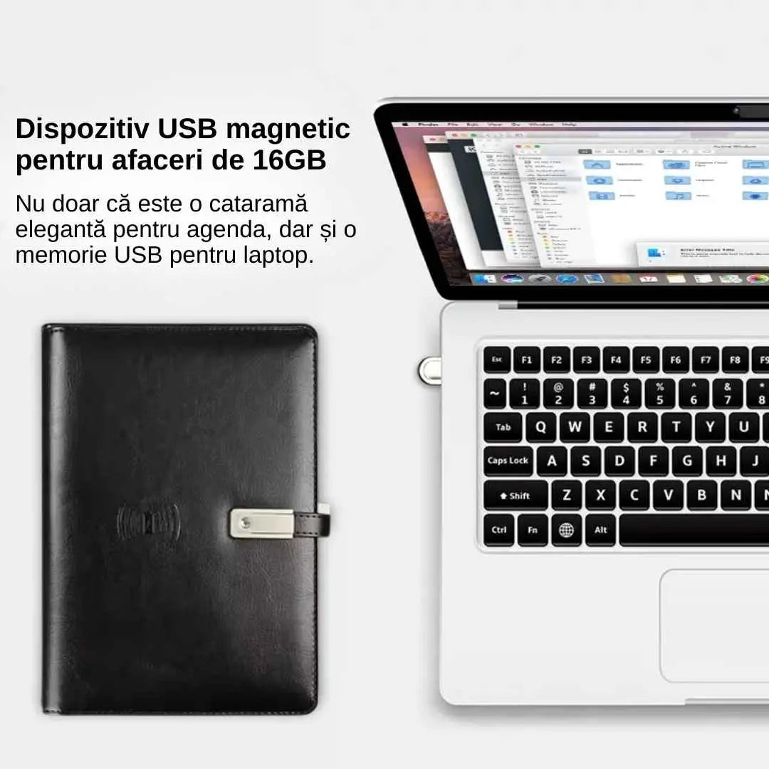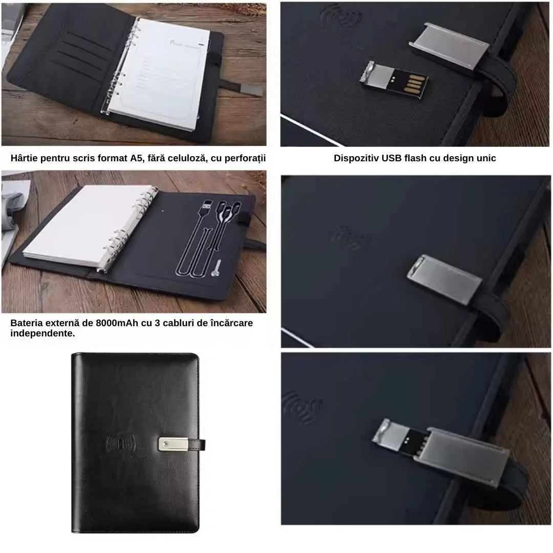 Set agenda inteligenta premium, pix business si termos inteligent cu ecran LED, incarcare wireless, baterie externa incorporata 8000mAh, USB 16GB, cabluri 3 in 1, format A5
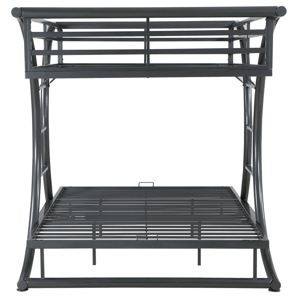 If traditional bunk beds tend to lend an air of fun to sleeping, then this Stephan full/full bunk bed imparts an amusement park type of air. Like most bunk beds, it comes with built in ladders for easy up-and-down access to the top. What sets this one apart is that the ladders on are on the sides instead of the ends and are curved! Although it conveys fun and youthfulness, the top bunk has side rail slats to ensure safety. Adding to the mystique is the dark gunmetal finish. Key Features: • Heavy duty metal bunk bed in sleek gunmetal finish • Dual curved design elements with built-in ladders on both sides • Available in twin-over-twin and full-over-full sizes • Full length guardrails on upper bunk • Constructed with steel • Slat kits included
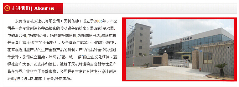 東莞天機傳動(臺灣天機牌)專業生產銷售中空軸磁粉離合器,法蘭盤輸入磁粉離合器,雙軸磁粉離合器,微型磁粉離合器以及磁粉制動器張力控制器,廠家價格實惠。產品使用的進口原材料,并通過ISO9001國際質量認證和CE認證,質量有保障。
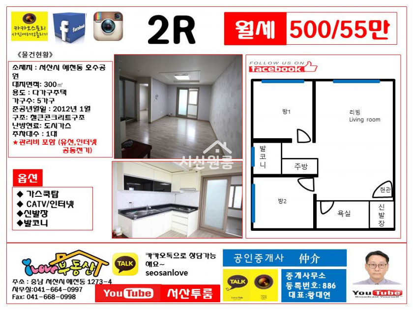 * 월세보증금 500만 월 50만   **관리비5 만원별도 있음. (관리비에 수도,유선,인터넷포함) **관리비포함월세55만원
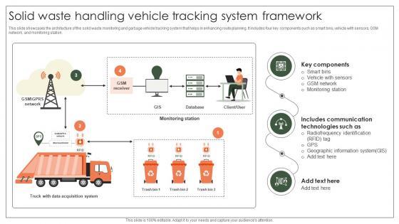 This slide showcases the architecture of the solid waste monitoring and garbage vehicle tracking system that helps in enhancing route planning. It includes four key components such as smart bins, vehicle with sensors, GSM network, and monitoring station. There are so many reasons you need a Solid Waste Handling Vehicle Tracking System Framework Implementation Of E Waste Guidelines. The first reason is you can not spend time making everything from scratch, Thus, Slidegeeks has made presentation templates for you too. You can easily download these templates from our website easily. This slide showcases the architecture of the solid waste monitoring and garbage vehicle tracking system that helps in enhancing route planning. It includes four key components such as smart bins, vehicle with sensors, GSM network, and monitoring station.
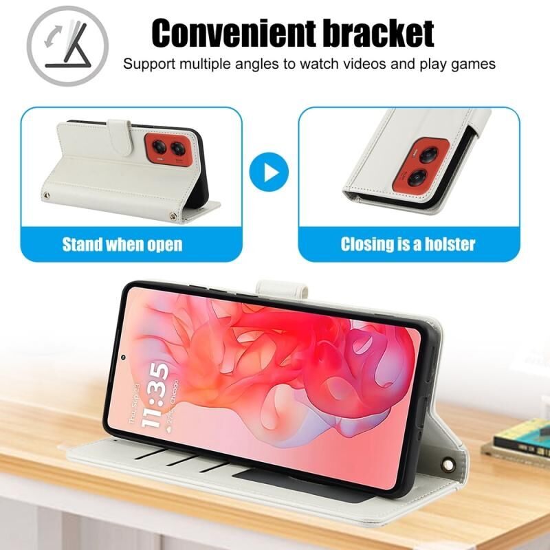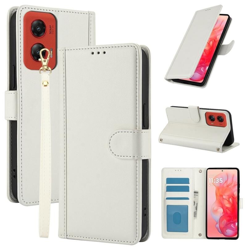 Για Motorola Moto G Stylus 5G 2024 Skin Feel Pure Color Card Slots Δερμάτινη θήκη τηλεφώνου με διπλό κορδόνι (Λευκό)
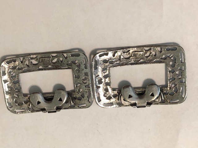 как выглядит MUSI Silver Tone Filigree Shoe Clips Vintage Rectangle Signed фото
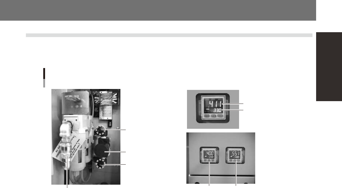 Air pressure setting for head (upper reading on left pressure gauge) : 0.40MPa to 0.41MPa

________

What you are asked to do => Apart from the pictures, repeat every entry exactly.

Solution for this problem =>
 Set agenda inteligenta premium, pix business si termos inteligent cu ecran LED, incarcare wireless, baterie externa incorporata 8000mAh, USB 16GB, cabluri 3 in 1, format A5
 If traditional bunk beds tend to lend an air of fun to sleeping, then this Stephan full/full bunk bed imparts an amusement park type of air. Like most bunk beds, it comes with built in ladders for easy up-and-down access to the top. What sets this one apart is that the ladders on are on the sides instead of the ends and are curved! Although it conveys fun and youthfulness, the top bunk has side rail slats to ensure safety. Adding to the mystique is the dark gunmetal finish. Key Features: • Heavy duty metal bunk bed in sleek gunmetal finish • Dual curved design elements with built-in ladders on both sides • Available in twin-over-twin and full-over-full sizes • Full length guardrails on upper bunk • Constructed with steel • Slat kits included
 東莞天機傳動(臺灣天機牌)專業生產銷售中空軸磁粉離合器,法蘭盤輸入磁粉離合器,雙軸磁粉離合器,微型磁粉離合器以及磁粉制動器張力控制器,廠家價格實惠。產品使用的進口原材料,并通過ISO9001國際質量認證和CE認證,質量有保障。
 * 월세보증금 500만 월 50만   **관리비5 만원별도 있음. (관리비에 수도,유선,인터넷포함) **관리비포함월세55만원
 This slide showcases the architecture of the solid waste monitoring and garbage vehicle tracking system that helps in enhancing route planning. It includes four key components such as smart bins, vehicle with sensors, GSM network, and monitoring station. There are so many reasons you need a Solid Waste Handling Vehicle Tracking System Framework Implementation Of E Waste Guidelines. The first reason is you can not spend time making everything from scratch, Thus, Slidegeeks has made presentation templates for you too. You can easily download these templates from our website easily. This slide showcases the architecture of the solid waste monitoring and garbage vehicle tracking system that helps in enhancing route planning. It includes four key components such as smart bins, vehicle with sensors, GSM network, and monitoring station.
 Για Motorola Moto G Stylus 5G 2024 Skin Feel Pure Color Card Slots Δερμάτινη θήκη τηλεφώνου με διπλό κορδόνι (Λευκό)
 как выглядит MUSI Silver Tone Filigree Shoe Clips Vintage Rectangle Signed фото
 Air pressure setting for head (upper reading on left pressure gauge) : 0.40MPa to 0.41MPa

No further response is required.